What's the Likelihood That Your Mind Is Constituted by a Rabbit Reading and Writing on Long Strips of Turing Tape?
Your first guess is probably not very likely.
But consider this argument:
(1) A computationalist-functionalist philosophy of mind is correct. That is, mentality is just a matter of transitioning between computationally definable states in response to environmental inputs, in a way that hypothetically could be implemented by a computer.
(2) As Alan Turing famously showed, it's possible to implement any finitely computable function on a strip of tape containing alphanumeric characters, given a read-write head that implements simple rules for writing and erasing characters and moving itself back and forth along the tape.
(3) Given 1 and 2, one way to implement a mind is by means of a rabbit reading and writing characters on a long strip of tape that is properly responsive, in an organized way, to its environment. (The rabbit will need to adhere to simple rules and may need to live a very long time, so it won't be exactly a normal rabbit.
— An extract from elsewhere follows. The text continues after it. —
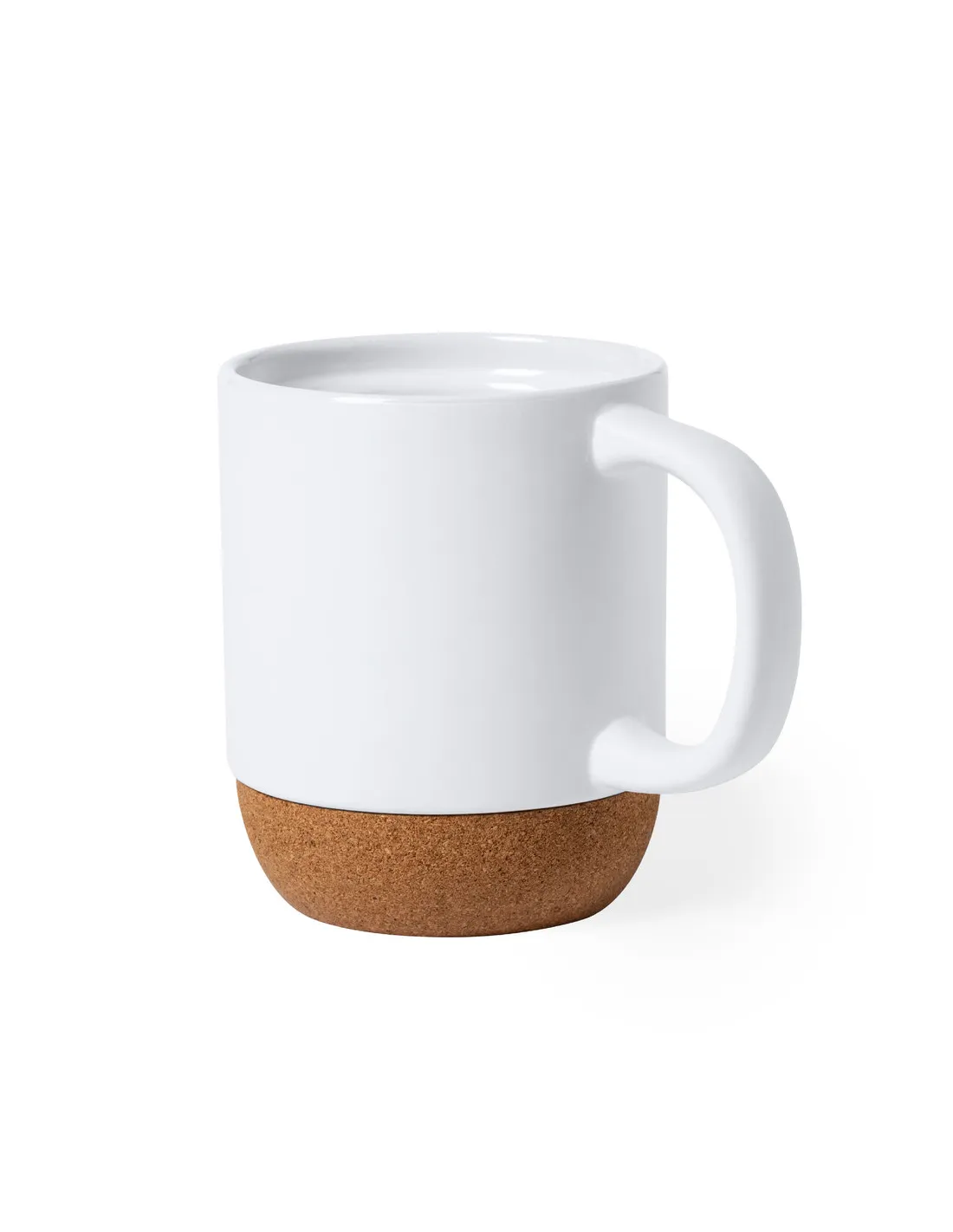 Taza blanca de cerámica, acabado mate, con base de corcho natural.

Environmental influence could be implemented by alteration of the characters on segments of the tape.)
(4) The universe is infinite.
(5) Given 3 and 4, the cardinality of "normally" implemented minds is the same as the cardinality of minds implemented by rabbits reading and writing on Turing tape. (Given that such Turing-rabbit minds are finitely probable, we can create a one-to-one mapping or bijection between Turing-rabbit minds and normally implemented minds, for example by starting at an arbitrary point in space and then pairing the closest normal mind with the closest Turing-rabbit mind, then pairing the second-closest of each, then pairing the third-closest....)
(6) Given 5, you cannot justifiably assume that most minds in the universe are "normal" minds rather than Turing-rabbit implemented minds. (This might seem unintuitive, but comparing infinities often yields such unintuitive results. ETA: One way out of this would be to look at the ratios in limits of sequences. But then we need to figure out a non-question-begging way to construct those sequences. See the helpful comments by Eric Steinhart on my public FB feed.)
(7) Given 6, you cannot justifiably assume that you yourself are very likely to be a normal mind rather than a Turing-rabbit mind. (If 1-3 are true, Turing-rabbit minds can be perfectly similar to normally implemented minds.)
I explore this possibility in "THE TURING MACHINES OF BABEL", a story in this month's issue of Apex Magazine. I'll link to the story once it's available online, but also consider supporting Apex by purchasing the issue now.
The conclusion is of course "crazy" in my technical sense of the term: It's highly contrary to common sense and we aren't epistemically compelled to believe it.
Among the ways out: You could reject the computational-functional theory of mind, or you could reject the infinitude of the universe (though these are both fairly common positions in philosophy and cosmology these days). Or you could reject my hypothesized rabbit implementation (maybe slowness is a problem even with perfect computational similarity). Or you could hold a view which allows a low ratio of Turing rabbits to normal minds despite the infinitude of both. Or you could insist that we (?) normally implemented minds have some epistemic access to our normality even if Turing-rabbit minds are perfectly similar and no less abundant. But none of those moves is entirely cost-free, philosophically.
Notice that this argument, though skeptical in a way, does not include any prima facie highly unlikely claims among its premises (such as that aliens envatted your brain last night or that there is a demon bent upon deceiving you). The premises are contentious, and there are various ways to resist my combination of them to draw the conclusion, but I hope that each element and move, considered individually, is broadly plausible on a fairly standard 21st-century academic worldview.
The basic idea is this: If minds can be implemented in strange ways, and if the universe is infinite, then there will be infinitely many strangely implemented minds alongside infinitely many "normally" implemented minds; and given standard rules for comparing infinities, it seems likely that these infinities will be of the same cardinality. In an infinite universe that contains infinitely many strangely implemented minds, it's unclear how you could know you are not among the strange ones.